Accusations and defenses: A blame game unfolds
During his appearance before the Senate committee, Governor Sakaja acknowledged the challenges but largely attributed the financial woes to a “legacy system” and “antiquated pipes” inherited from previous administrations. He asserted that his government is actively working to address the issues, highlighting an allocation of KSh 9.2 billion in the 2024/2025 budget specifically for leak detection, pipeline rehabilitation, and meter sealing.
“We inherited antiquated pipes and deferred capital works,” Sakaja stated, emphasizing ongoing efforts to fix the long-standing problems. He also pointed to efforts in setting up new revenue zones and launching a GIS billing platform to improve collection.
However, senators remained unconvinced, questioning the efficacy of the measures taken thus far. Nairobi Senator Edwin Sifuna specifically pressed the Governor on the KSh 11 billion in overdue receivables, stating, “Demand letters alone won’t cut it. Where is the recovery plan?”
The audit also revealed that over 112,000 customer accounts were billed using estimates, with more than 15,000 estimated consecutively for over six months – a practice flagged as a potential red flag for negligence or manipulation. NCWSC management, represented by Managing Director Eng. Nahashon Muguna, blamed inaccessible meters due to locked gates and even “guard dogs,” a response that drew skepticism from the committee.
The paradox of revenue growth amidst losses
Adding a perplexing layer to the financial crisis, recent reports from early July 2025 indicated that Nairobi Water had recorded its highest-ever annual revenue collection, hitting KSh 11.7 billion for the 2024/2025 financial year. Governor Sakaja had celebrated this as a significant turnaround from previous years, attributing it to improved systems and digitization.
However, the current audit report throws a stark light on the fact that despite increased revenue, the company’s financial health remains precarious dueiled by massive losses and uncollected dues. The Auditor-General warned that while revenues have grown, poor debt recovery and inefficiencies have left the utility in a negative working capital position, essentially sinking it.
Calls for urgent reforms
The ongoing revelations have amplified calls for drastic reforms at NCWSC. Senators have urged the utility to expedite the implementation of modern solutions, including smart meter technology, to curb non-revenue water and ensure accurate billing. The high cost of smart meters (KSh 15,000 per unit compared to KSh 3,500 for ordinary meters) was cited as a barrier, but senators countered that the long-term revenue losses far outweigh this initial investment.

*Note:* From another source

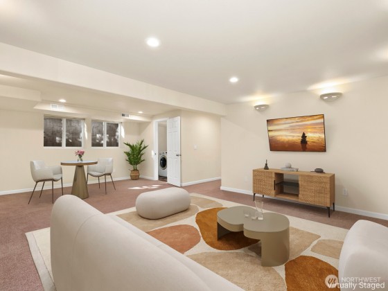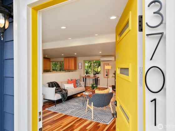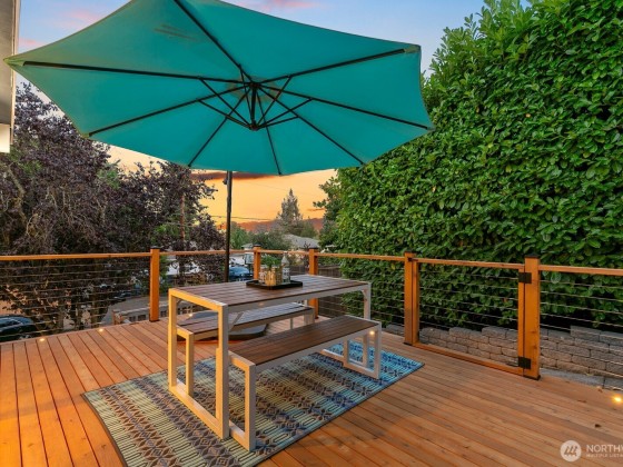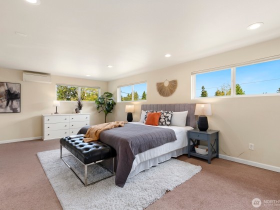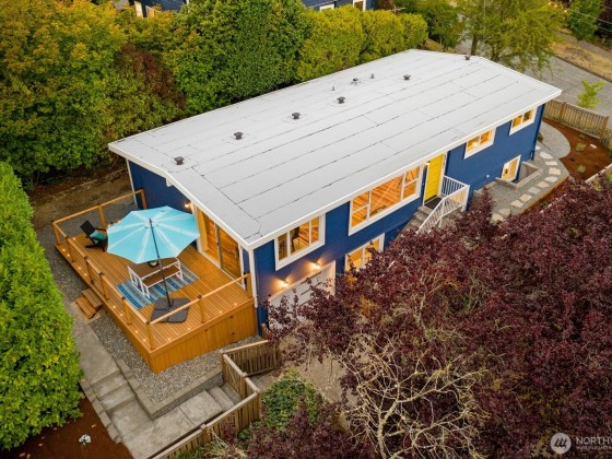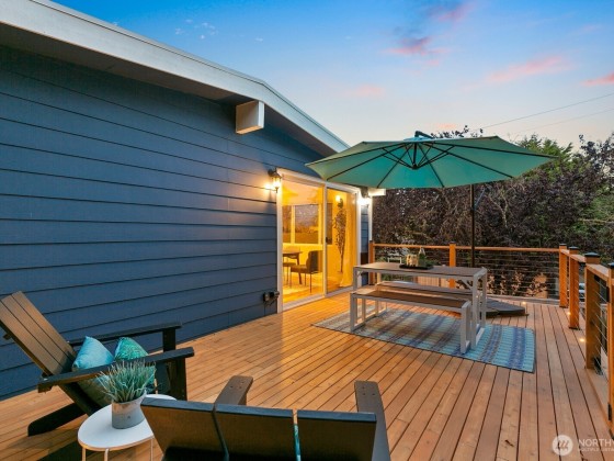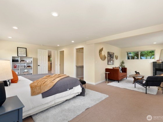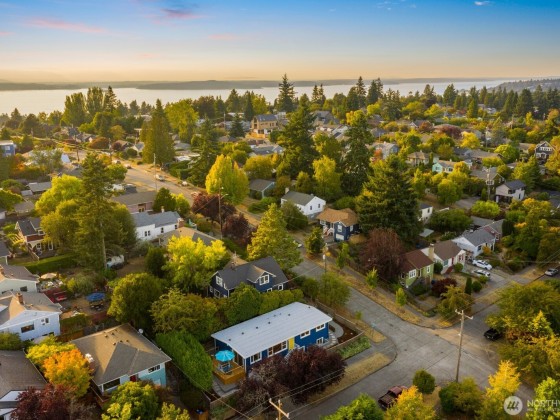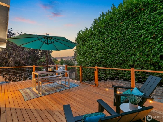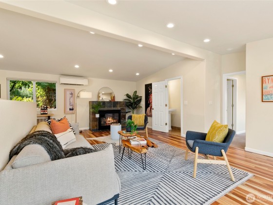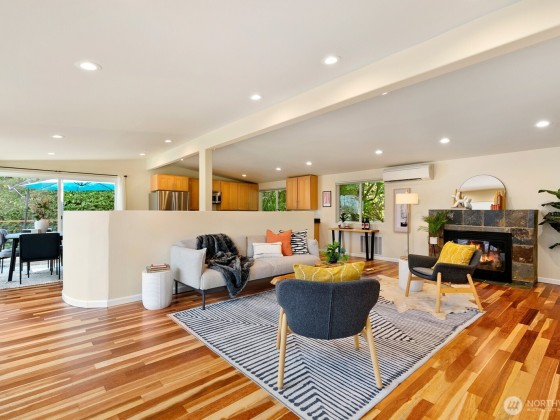 Newly refinished walnut hardwood floors welcome you into this Gatewood gem. Expansive, centerpiece great room combines living, dining, a gas fireplace, half-bath, and chef's kitchen under a vaulted ceiling. This flows to a large deck for morning coffee under the sunshade and inset lighting for evening entertaining. Massive primary suite feels like a small condo, with private sitting room, gas fireplace, walk-in-closet, and ensuite bath. Upstairs Ductless AC/Heat for year-round comfort. Downstairs naturally stays cool in the summer, housing three bedrooms, full bath, laundry room, and a giant activity room or potential home theater. One-car garage with additional storage. Easy access to Lincoln Park, arterials, and select corporate shuttles.

The financial meltdown at Nairobi Water is not merely an accounting issue; it directly impacts the lives of millions of Nairobi residents who grapple with unreliable water supply and high costs. As the public demands accountability, the ball is now firmly in Governor Sakaja’s court to demonstrate a tangible and effective strategy to rescue NCWSC from its dire financial state and ensure sustainable water services for the capital. The coming months will be critical in determining whether Nairobi’s water crisis deepens or if decisive action will finally turn the tide.